===== Records supplied

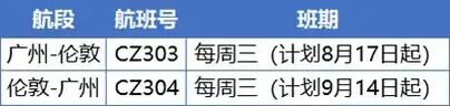 南航8月起恢复广州-伦敦航线,9月起恢复伦敦-广州航线。
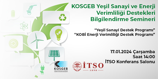 KOSGEB’in “Yeşil Sanayi Destek Programı” ve “KOBİ Enerji Verimliliği Destek Programı” hakkında Odamız üyelerine yönelik 17.01.2023 Çarşamba günü saat 14:00’de Odamız Konferans Salonunda bilgilendirme semineri düzenlenecektir.
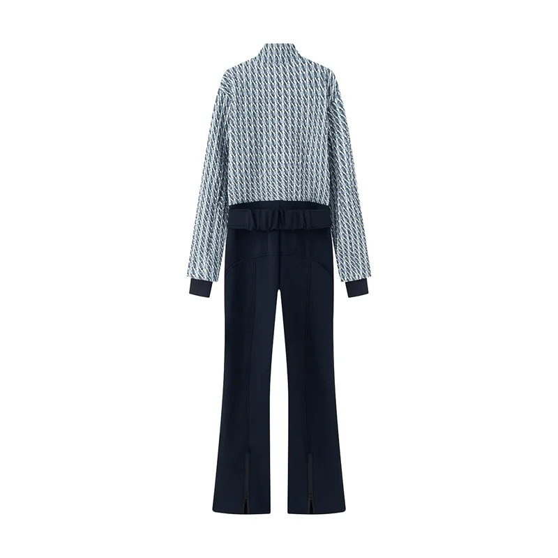 Women’s Jumpsuit 2026 Spring New Style – Patchwork Long-Sleeve Belted Warm Ski Cotton Jumpsuit Trendy and Fashionable
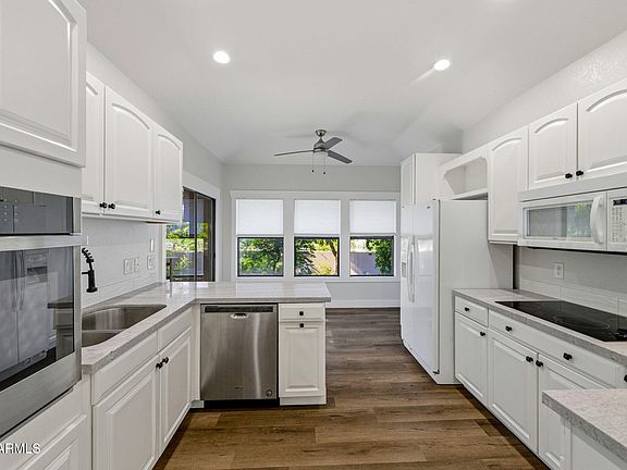 Experience luxury and convenience in this turnkey 2-bed, 2-bath condo at The Pavilions in guard-gated Gainey Ranch. This single-level home offers a spacious open layout, 14-ft ceilings, skylight, and a large primary suite with a custom wardrobe and spa-style bath. Inside laundry with washer and dryer for your convenience. Enjoy peekaboo mountain views from the private patio. The Pavilions offers a community pool and spa. Residents can also enjoy the Gainey Club House with a lap pool, club room, fitness center, pickleball, and tennis courts. Includes 2-car garage with epoxy floors.
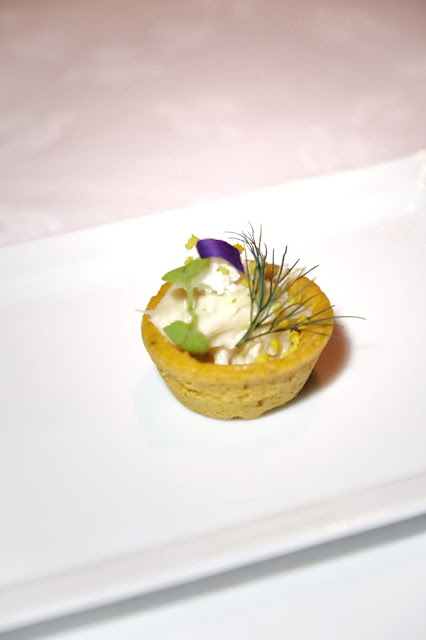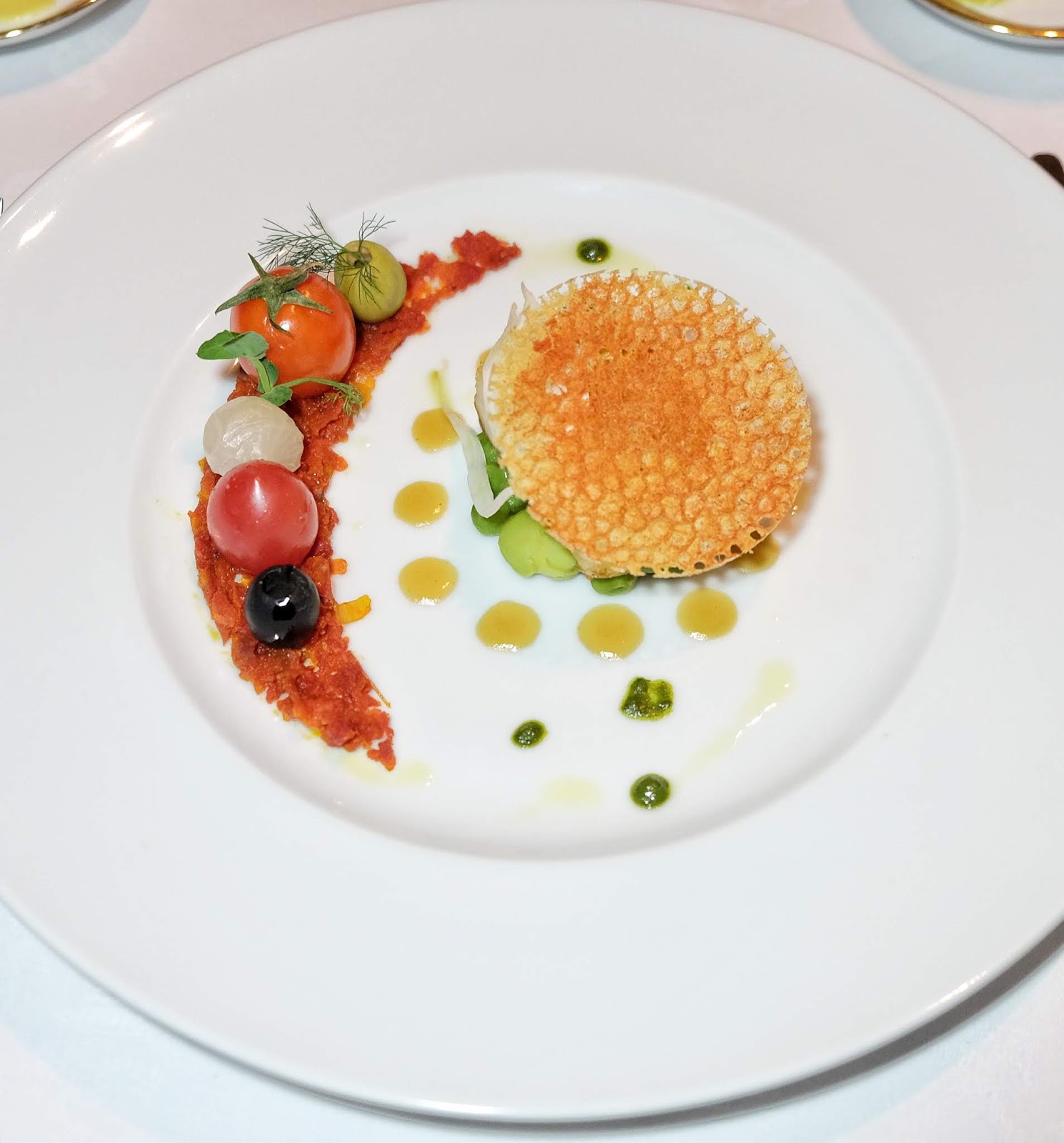 接著的頭盤,是醒胃的風乾蕃茄配橄欖,與及迷你蟹肉撻,賣相精緻亮麗,微酸與鮮甜夾雜,的確不同凡響。

==========

- Task statement -
Each line from the one holding "bilgilendirme semineri düzenlenecektir." through the last line of the records above must be duplicated exactly, and pictures must not be.

- Solution -
 KOSGEB’in “Yeşil Sanayi Destek Programı” ve “KOBİ Enerji Verimliliği Destek Programı” hakkında Odamız üyelerine yönelik 17.01.2023 Çarşamba günü saat 14:00’de Odamız Konferans Salonunda bilgilendirme semineri düzenlenecektir.
 Women’s Jumpsuit 2026 Spring New Style – Patchwork Long-Sleeve Belted Warm Ski Cotton Jumpsuit Trendy and Fashionable
 Experience luxury and convenience in this turnkey 2-bed, 2-bath condo at The Pavilions in guard-gated Gainey Ranch. This single-level home offers a spacious open layout, 14-ft ceilings, skylight, and a large primary suite with a custom wardrobe and spa-style bath. Inside laundry with washer and dryer for your convenience. Enjoy peekaboo mountain views from the private patio. The Pavilions offers a community pool and spa. Residents can also enjoy the Gainey Club House with a lap pool, club room, fitness center, pickleball, and tennis courts. Includes 2-car garage with epoxy floors.
 接著的頭盤,是醒胃的風乾蕃茄配橄欖,與及迷你蟹肉撻,賣相精緻亮麗,微酸與鮮甜夾雜,的確不同凡響。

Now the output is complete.